Feelings of Self Doubt Revisited

Well it appears I'm not the only stay at home mom who feels the pressure of self doubt.  Plenty of you commented or mentioned to me personally that you deal with similar feelings.  I appreciate your insight as well as your support, especially just realizing how many boat mates I have.  I had to mention this letter I received from a friend of ours from the beginning of all this schooling.  She's one of those girls I mentioned whose very existence makes me feel self doubt.  We met when she was only one degree ahead of me and still in the mist of all the crazy grad/med school craziness.  Now eight years later she's almost half way through an obgyn residency and has three more degrees then I do.  She's pretty much amazing.  She sent me this letter after reading my blog and the truth is it made me cry, and then when I tried to tell my mom about it I started crying again.  So here it is...

Hey Crystal-
Was reading your post and hoping to offer a few words of encouragement from the other side of things. After completing intern year I continue to be amazed that anyone can maintain a relationship with any resident. Residency is a very selfish process when it comes to a relationship. It demands just about all a person can give and I think often leaves residents offering the short sitck in a relationship. I think it takes a lot of love, patience and understanding to be the spouse of a resident and add kids on top and you pretty much have a saint.
Your children are very lucky to have you and all your energy, taent and intelligence. I am sure the time and gifts you give to them will reach many people in their futures that you cannot even imagine. At my residency there is this fairy tale that is perpetuated that you can be great as a doctor, parent, spouse and researcher. While I think you can have all those things, you can't have them to the same level or success that you can have fewer priorities. Time and again I've seen my co-residents shocked to find problems in their relationship they were too busy to appreciate. I think the people you are meeting are blinded in the same way with their comments. They operate in the realm they know and so work is expected.

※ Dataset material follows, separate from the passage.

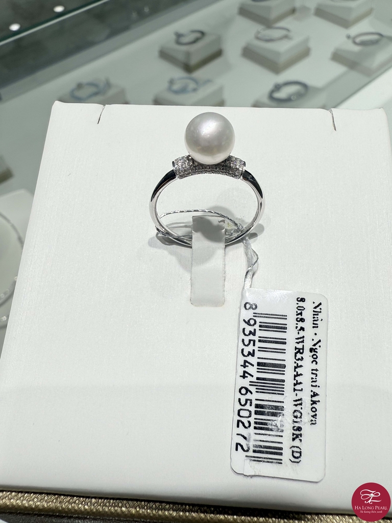 1. Tên sản phẩm: Nhẫn ngọc trai Akoya 63A803G028 (Đ.1200) 2. Xuất xứ: Việt Nam. 3. Thành phần - Ngọc trai Akoya - Đai sản phẩm: Vàng trắng 18K và đá nhân tạo 4. Thông số: - Kích thước: 8.0x8.5 mm - Màu sắc: Trắng - Hình dạng: Tròn - Chất lượng viên ngọc: Chất lượng AAA - Đai sản phẩm: Vàng trắng 18K và đá nhân tạo

They don't truly look down on you- they are jsut blinded that the other options exist anymore because they have been in the system so long.
I remember many years ago talking with you about going back to school and I was worried (quietly to myself) when baby 1 came that you would later regret giving up so much because you seemed so interested in so many academic ventures, but from a far I've watched and seen how much joy you have from your children, husband and your role in their lives. It seems to me you have gained a rich and full life in many arenas that fills that intellectual curiosity and the emotional part of you too. 
Well that's just my two cents. I'll be thinking of you during this rough transition year. If you ever need an ear, I'm here.

Michelle
What a compliment to know that my efforts are being watched and noticed by someone I myself admire and to receive outside support from someone on a side of life I sometimes find myself coveting.  Thanks Michelle, I appreciate your words of wisdom, your insight, and your support!!!!  Also great advice for anyone in a very demanding profession.   

Monday, June 27, 2011

Feelings of Inadequacy

Dr. J has started his residency.  Eight years of hard work, sacrifice, movement forward have lead to this event.  It is a necessary step in our life's progression and I am overjoyed to be here, that being said  there are a  few things that will cause these next few years to not be a joy ride.

First, Scheduling Woes:
Residency rules have changed and there is now an 80 hour work week limit for intern year as well as a 15 hour a day cap.  The  positive, no 100 hour work weeks this year (the same isn't guaranteed for next year).  The negative, 80 hours, which they are expected to work all of, is actually quite a lot.  By getting rid of night call they've actually forced the time to all be split up so they get four days off a month and have to work something like 13 1/2 hours a day.  Add in driving time and my hubby will pretty much be gone from waking hours to kid's bedtime.  I'm grateful that he will be home for bedtime stories but I'm sad to realize that the string of going to school plays, parent teacher conference, running kids to sporting events, class field trips, doctor's appointments, music lessons, play dates, cooking, cleaning will all still be alone activities.  Most distressing, because days off are not automatically scheduled and must be individually requested off and given with preferential treatment being given to senior residents in regards to weekends church with three children has now become a stand alone event until some yet to be determined time.  This is exceptionally frustrating.  At Dr. J's medical school, and the two places he did  away rotations, (University of Utah and Oregon Health Sciences) days off were scheduled automatically on a revolving schedule with residents being given the option to trade days off with others, meaning I knew Dr. J would get a Sunday off every seventh week, or a Monday, Tuesday, Wednesday, etc.  This allowed one to make future plans like schedule doctors appointments and to have a weekend day off at least once a  month, a huge benefit I already greatly miss.  Since there is no guarantee here, expect lots of future post chronically my adventures of church, school, and events alone.

Second, Major Feelings of Inadequacy:
I predicted this prior to it happening.  I said to Dr. J right before we moved, "I'm going to need a little extra support with something.  So far most of the woman we associate with on a regular basis have been students (not so different from where I'm at), but as we move into a time when they are mostly career woman I'm going to be dealing with some feelings of inadequacy.  I need you to be aware and walk carefully."  I felt prophetic when we went to one of the opening picnics.  The first person I talked with, one of the Department Chairs for Internal Medicine asked me immediately what I'd studied in school.  I told him human biology.  He then asked what I was doing with my time and I told him I had three kids at home who I stayed home with.  He looked at me for a second and then said, "Well I guess now that your husband is done you can probably find some time to go back to school."  I said something noncommittal, smiled, and took my plate to the table where one of the other wives questioned me about my current employment status.  When I told her I was at home with the kids, she said, "Well it's probably hard to find a job in a new city.  Don't worry it will happen for you soon."  I laughed but the truth is comments like these, even the very existence of all the female residents, doctors, nurses, hospital administrators, residency coordinators, etc, who all have careers and at least one more degree or for some of them two or more, stirs an internal debate I find myself having to revisit more often then I care to admit.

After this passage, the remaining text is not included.